Голоса у них отличались, как и внешность: один гундосил, другой преимущественно чирикал, третий, скорее, кашлял и перхал, нежели издавал членораздельные звуки. А был и такой, что напевно свистел этакой простуженной фистулой. До сих пор ума не приложу, как эти «красавцы» понимали друг друга. А смысл того, что мы в конце концов смогли донести друг до друга, сводился к тому, что все мы весьма обеспокоены происшедшим. Принимающую сторону беспокоило не столько мое внезапное появление в их вотчине, сколько то, что появление это не было обставлено выполнением целой кучи каких‑то совершенно непонятных мне правил и ритуалов. Со всем этим разобраться эта братия, видно, не могла. Да, как я понял, и не собиралась разбираться. Разбираться должен был кто‑то, кто таким правом был наделен. Вот к этому «кому‑то» меня и надлежало препроводить. Дело было, судя по всему, только за тем, чтобы дождаться – здесь же вот, у костра – тех, кто этим препровождением моей особы в надлежащие инстанции и должен был заняться. Ждали этого конвоя, как можно было догадаться, немедленно – буквально с часу на час. Привратникам явно сильно не терпелось сбыть меня с рук и на том закрыть всю эту скандальную историю. А больше всего их беспокоило то же самое, что не давало покоя совсем недавно – всего лишь вечность, заполненную болью, тому назад – господам Ольгреду и Дуппельмейеру: присутствие на локтевом сгибе моей руки небольшого темного пятнышка, Знака Лукавого. Его обнаружили довольно быстро – еще на борту челна. Сразу после этого отношение всей здешней братии ко мне сделалось настороженным, я бы даже сказал – уважительно‑опасливым. Попытка повязать меня уже появившимися на свет божий веревками была тут же пресечена в зародыше – одним только взмахом анемичной обезьяньей лапки мохнатого «спеца», удостоверившего действительное соответствие творения покойного Алика Балмута какому‑то одному ему ведомому стандарту. Не было ни одного участника моего обнаружения и последующей доставки на берег, кто бы не нашел минутки, чтобы, ткнувшись в меня носом, узреть Знак.

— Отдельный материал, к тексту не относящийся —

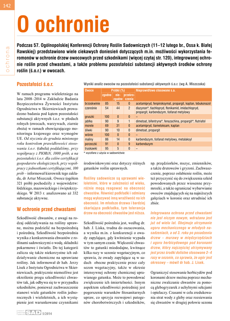 142 ochrona O ochronie Podczas 57. Ogólnopolskiej Konferencji Ochrony Roślin Sadowniczych (11–12 lutego br., Ossa k. Białej Rawskiej) przedstawiono wiele ciekawych doniesień dotyczących m.in. możliwości wykorzystania feromonów w ochronie drzew owocowych przed szkodnikami (więcej czytaj str. 120), integrowanej ochronie roślin przed chwastami, a także problemu pozostałości substancji aktywnych środków ochrony roślin (ś.o.r.) w owocach. Pozostałości ś.o.r. W ramach programu wieloletniego na lata 2008–2014 w Zakładzie Badania Bezpieczeństwa Żywności Instytutu Ogrodnictwa w Skierniewicach prowadzono badania pod kątem pozostałości substancji aktywnych ś.o.r. w płodach rolnych (owocach, warzywach, ziarnie zboża) w ramach obowiązującego monitoringu krajowego oraz wymogów UE. Od stycznia do grudnia minionego roku kontrolom prawidłowości stosowania ś.o.r. (tabela) poddaliśmy, przy współpracy z PIORiN, 1000 prób, a na pozostałości ś.o.r. dla celów certyfikacji gospodarstw ekologicznych, przy współpracy z jednostkami certyfikującymi, 100 prób – informował kierownik tego zakładu, dr Artur Miszczak. Owoce (ogółem 321 prób) pochodziły z województw: łódzkiego, mazowieckiego i świętokrzyskiego. W 2013 r. analizowano aż 332 substancje aktywne. W ochronie przed chwastami Szkodliwość chwastów, z uwagi na rodzaj oddziaływania na rośliny uprawne, można podzielić na bezpośrednią i pośrednią. Szkodliwość bezpośrednia wynika z konkurowania chwastów z roślinami sadowniczymi o wodę, składniki pokarmowe i światło. Do tej kategorii zalicza się także niekorzystne ich oddziaływanie chemiczne na uprawiane rośliny. Jak informował dr hab. Jerzy Lisek z Instytutu Ogrodnictwa w Skierniewicach, praktycznie niemożliwe jest określenie progu szkodliwości chwastów tak, jak odbywa się to w przypadku szkodników, ponieważ zachwaszczenie stanowi wiele gatunków roślin jednorocznych i wieloletnich, a ich wystąpienie jest warunkowane czynnikami 5/2014 Wyniki analiz owoców na pozostałości substancji aktywnych ś.o.r. (wg A. Miszczaka) Owoce Próbki (%) Nieprawidłowo stosowane s.a. zgodne nie- przekrozgodne czenia brzoskwinie 85 15 0 acetamipryd, fenpiroksymat, propargit, kaptan, tebukonazol czereśnie 54 44 2 diazynon*, tiachlopryd, flonikamid, imidachlopryd, propargit, karbendazym, tiofanat metylowy gruszki 100 0 0 – jabłka 90 9 1 dimetoat, bifentryna*, fenazachina, propargit*, flutriafol morele 69 31 0 acetamipryd, tiametoksam, kaptan śliwki 90 10 0 dimetoat, propargit wiśnie 100 0 0 – maliny 86 14 0 karbendazym, tiofanat metylowy, metalaksyl porzeczki 91 0 9 karbendazym truskawki 95 5 0 – * wycofane z użycia w sadownictwie środowiskowymi oraz dotyczy różnych gatunków roślin uprawnych. Rośliny sadownicze są uprawami wieloletnimi, które w zależności od wieku, różnie mogą reagować na obecność chwastów. Również podkładki i odmiany mogą wykazywać inną wrażliwość na ich obecność. Im młodsze drzewa i bardziej skarlająca podkładka, tym tolerancja drzew na obecność chwastów jest niższa. Szkodliwość pośrednia jest, według dr. hab. J. Liska, trudna do oszacowania, a wynika m.in. z konkurencji o owady zapylające, gdy kwitnienie wypada w tym samym czasie. Większość chwastów to gatunki miododajne, kwitnące kilka razy w sezonie wegetacyjnym, co sprawia, że owady zapylające są w sadach obecne praktycznie przez cały sezon wegetacyjny, także w okresie intensywnej ochrony chemicznej uprawianego gatunku. Może to powodować zwiększenie ich śmiertelności. Innym aspektem szkodliwości pośredniej jest pogorszenie warunków fitosanitarnych upraw, co sprzyja rozwojowi patogenów chorobotwórczych i szkodników, np. przędziorków, mszyc, zmienników, a także drutowców i gryzoni. Zachwaszczenie, poprzez osłabienie roślin, może też przyczynić się do zwiększenia szkód powodowanych przez wiosenne przymrozki, a także ograniczać wybarwianie owoców znajdujących się na najniższych gałęziach w koronie oraz utrudniać ich zbiór. Integrowana ochrona przed chwastami nie jest niczym nowym, wdrażana jest już od wielu lat. Obejmuje utrzymanie ugoru mechanicznego w młodych nasadzeniach, a od 3. roku po posadzeniu drzew – murawy w międzyrzędziach i ugoru herbicydowego pod koronami drzew, który najczęściej utrzymywany jest przez środki dolistne stosowane 2–4 razy w sezonie, co sprawia, że ugór jest okresowy – mówił dr hab. J. Lisek. Ograniczyć stosowanie herbicydów pod koronami drzew można poprzez mechaniczne zwalczanie chwastów za pomocą glebogryzarek z uchylnymi sekcjami i opielaczy. Czasami w celu zredukowania strat wody z gleby oraz rozsiewania się chwastów w drugiej połowie sezonu 143 wegetacyjnego, wystarczające okazuje się koszenie chwastów pod koronami drzew, co także można całkowicie zmechanizować. Kolejną możliwość ograniczenia zachwaszczenia pod koronami drzew bez użycia herbicydów daje ściółkowanie gleby. Jednak, jak zaznaczył dr hab. J. Lisek, ma ono pewne wady. Ściółki są łatwo przerastane przez chwasty trwałe, mają ograniczoną żywotność, wymuszają zmiany w dawkowaniu lub sposobie nawożenia, stanowią schronienie dla gryzoni (słoma), a ich utylizacja, np. w przypadku ściółek syntetycznych, nastręcza problemów. Wdrażanie niechemicznych metod regulacji zachwaszczenia jest kosztowne, np. włóknina polipropylenowa to wydatek około 15 000 zł/ha, kora drzewna – 35 000 zł/ha. Nadal najtańsza jest chemiczna metoda walki z chwastami, gdyż stanowi koszt około 1800 zł/ha. Dobór herbicydów zarejestrowanych do ochrony przed chwastami upraw sadowniczych obejmuje 7 substancji aktywnych, z czego jedna (propyzamid) jest doglebowa (Kerb 50 WP). Pozostałe to środki dolistne. Najliczniejsza grupa środków zawiera glifosat. Kolejna grupa to herbicydy zawierające MCPA (Chwastox Extra 300 SL), inna – gotowa mieszanina 
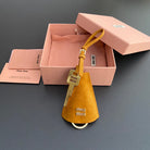 Leather Bag Charm With Key Yellow Orange Suede 240341

Вот и в нашем бестолковом разговоре у костра от меня хотели узнать, главным образом, откуда на моей коже появился этот чертов косметический дефект. Поскольку это не удалось объяснить даже свободно владевшим моим родным языком Ольгреду и Дуппельмейеру, то сейчас я даже и не пытался добиться от слушателей хоть какого‑то понимания. Да, честно говоря, и не стоило пытаться – усталость так сморила меня, что с тем же успехом «ареопаг» мог добиваться объяснений от мешка, набитого булыжниками. Время тихо поплыло, позванивая у меня в ушах незримыми колокольчиками. Лица и морды собеседников превратились в какие‑то нечеткие, смутные подобия чего‑то уже ранее виденного мною во сне. Еще немного, и по волнам этого сна я уплыл бы далеко от этих мест, может быть, даже назад – в родные края. Но тут мне пришлось – нехотя и через силу – вернуться к действительности. Если, конечно, считать действительностью то, что окружало меня в Странных Краях. Теперь я понял, что мелодичный звон уже не снится мне, а слышится на самом деле, не очень‑то издалека. И что не так уж он мелодичен, этот звон.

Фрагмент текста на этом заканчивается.